# Enigmatic Code

Programming Enigma Puzzles

## Enigma 253: Sum times

From New Scientist #1400, 8th March 1984 [link]

As usual in this letter-for-digits puzzle each letter stands consistently for a digit, different letters representing different digits. This enigma uses a sum and a times:

ENI + GMA = SUM

ENI × GMA = ??MES

That is enough information to determine what the letters stand for, but if you’d like an extra personal clue.

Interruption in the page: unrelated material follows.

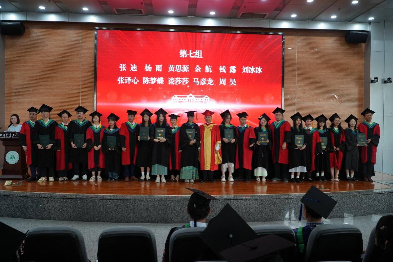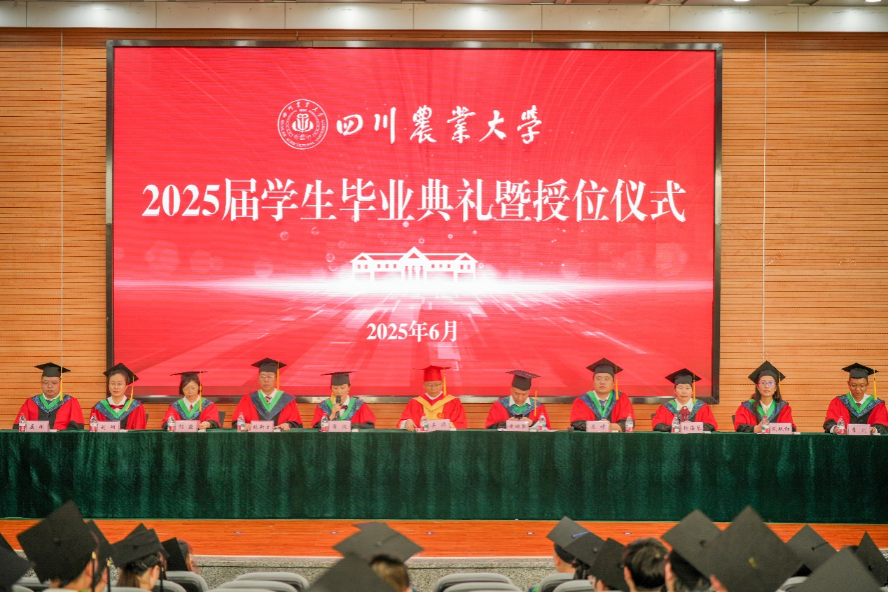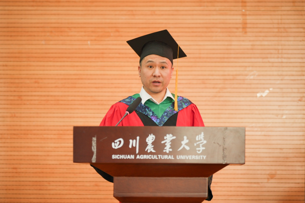 草学202102班熊春森代表本科毕业生发言。他回忆起四年前初探校园时觉得川农“真小”,而如今“好大”的川农承载了同学们无数青春故事的回响。接下来,他将心怀“追求真理”的赤诚,肩扛“造福社会”的担当,秉持“自强不息”的韧劲,前往中国农业大学继续乘风破浪。

I is (am?) over twice as big as U.

What is ENIGMA?

[enigma253]

### 4 responses to “Enigma 253: Sum times”

1. Jim Randell 25 January 2015 at 8:10 am

This program uses the SubstitutedSum() solver from the enigma.py library to generate solutions to the addition sum, and then checks them against the multiplication sum (and verifies the extra hint). You could easily write a program which uses itertools.permutations() to generate candidate solutions instead.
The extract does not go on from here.